▶ [Exercise aim] From the line containing "Rak penyimpan bumbu" to the line containing "tourism, twilight, city" in the entries below, reproduce every line exactly, ends included. Nothing else belongs in the copy, and no pictures.

▶ [Material for the task]
=== Begin Enclosure ===
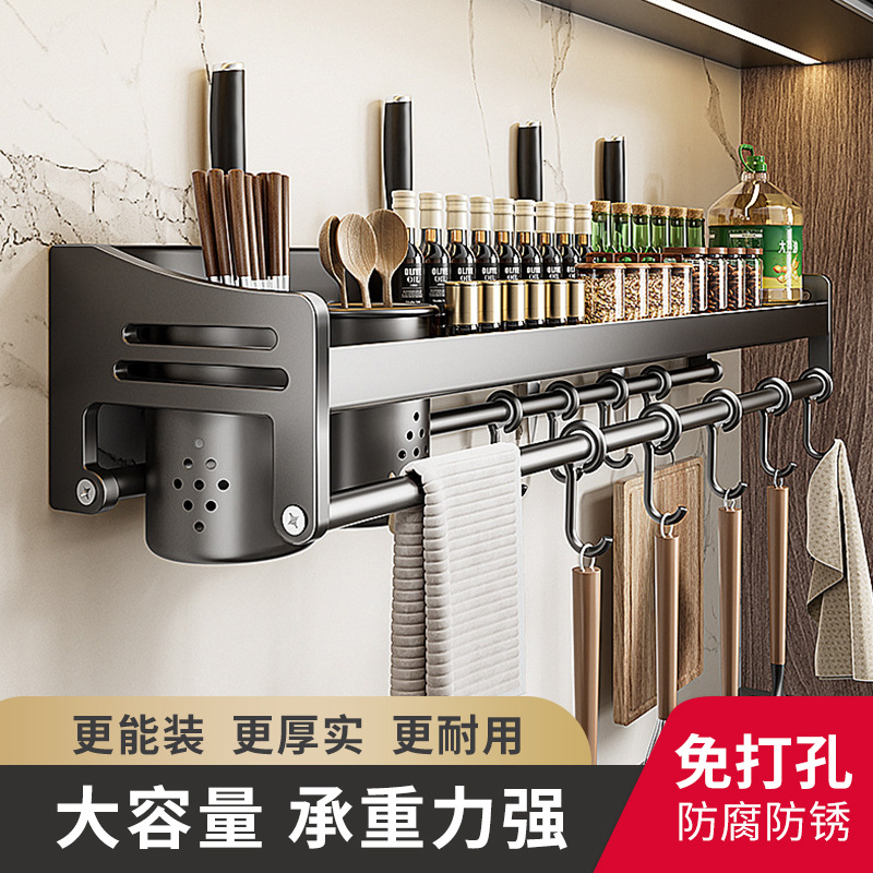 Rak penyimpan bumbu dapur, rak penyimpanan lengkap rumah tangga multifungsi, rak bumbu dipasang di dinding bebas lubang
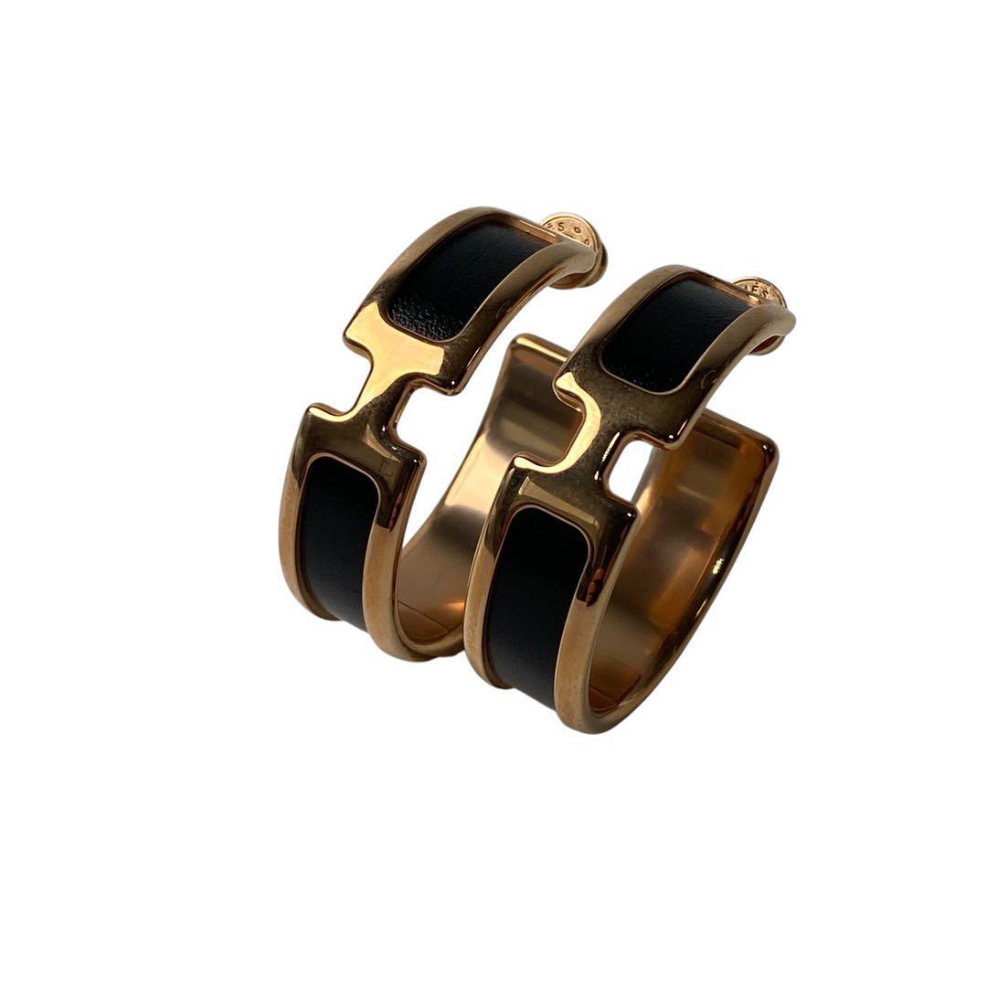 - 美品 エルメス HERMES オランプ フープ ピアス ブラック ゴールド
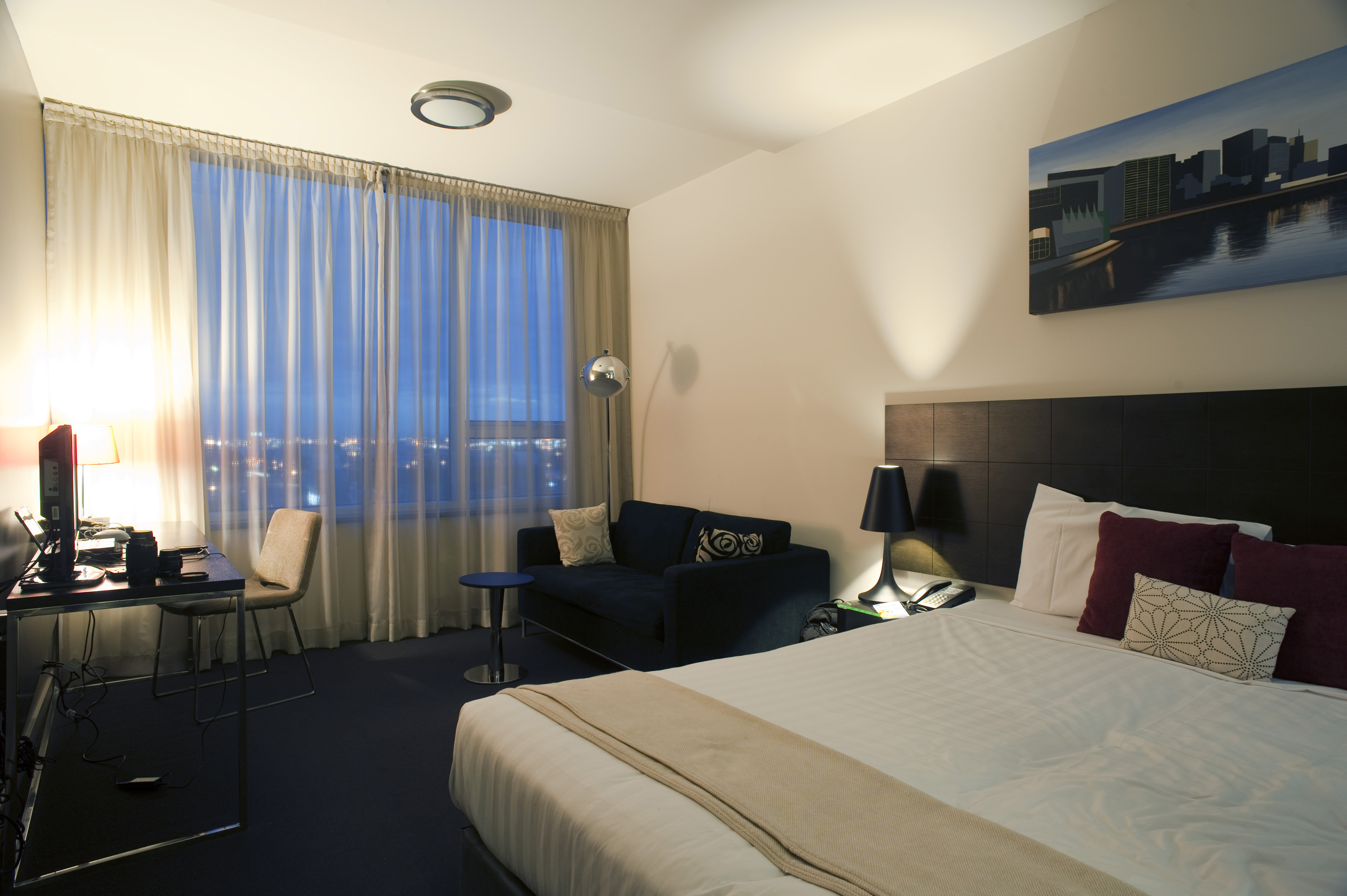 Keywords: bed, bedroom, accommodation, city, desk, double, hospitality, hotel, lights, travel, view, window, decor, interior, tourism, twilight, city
=== End Enclosure ===
=== Begin Enclosure ===
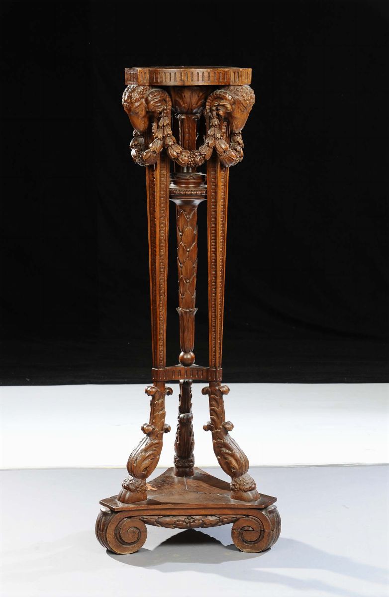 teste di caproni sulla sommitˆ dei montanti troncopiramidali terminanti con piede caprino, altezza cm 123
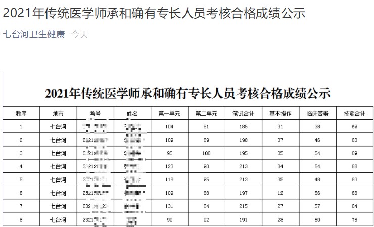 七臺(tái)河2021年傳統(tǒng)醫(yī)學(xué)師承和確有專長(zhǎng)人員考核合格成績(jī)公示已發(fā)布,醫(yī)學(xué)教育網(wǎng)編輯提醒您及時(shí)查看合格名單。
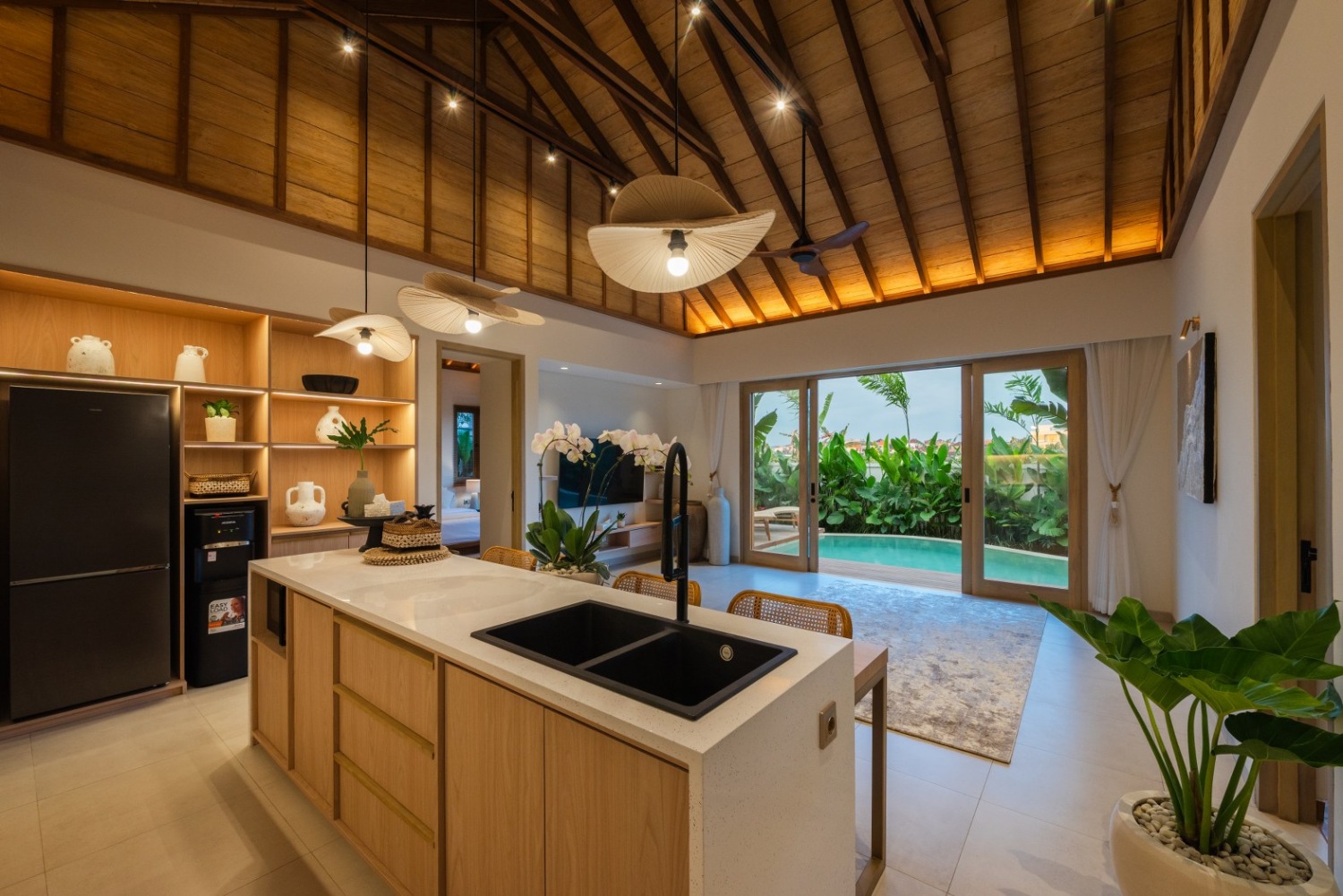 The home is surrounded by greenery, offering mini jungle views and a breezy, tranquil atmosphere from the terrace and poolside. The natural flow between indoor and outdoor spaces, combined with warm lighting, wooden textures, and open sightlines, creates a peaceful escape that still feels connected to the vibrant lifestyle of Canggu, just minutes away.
=== End Enclosure ===
=== Begin Enclosure ===
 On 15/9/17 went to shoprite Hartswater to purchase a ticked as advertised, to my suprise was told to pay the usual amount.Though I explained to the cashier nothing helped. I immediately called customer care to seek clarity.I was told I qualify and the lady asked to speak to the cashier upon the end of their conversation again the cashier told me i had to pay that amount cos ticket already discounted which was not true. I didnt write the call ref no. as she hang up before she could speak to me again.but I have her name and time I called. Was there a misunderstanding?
=== End Enclosure ===
▶ [Solution for this problem]
 Rak penyimpan bumbu dapur, rak penyimpanan lengkap rumah tangga multifungsi, rak bumbu dipasang di dinding bebas lubang
 - 美品 エルメス HERMES オランプ フープ ピアス ブラック ゴールド
 Keywords: bed, bedroom, accommodation, city, desk, double, hospitality, hotel, lights, travel, view, window, decor, interior, tourism, twilight, city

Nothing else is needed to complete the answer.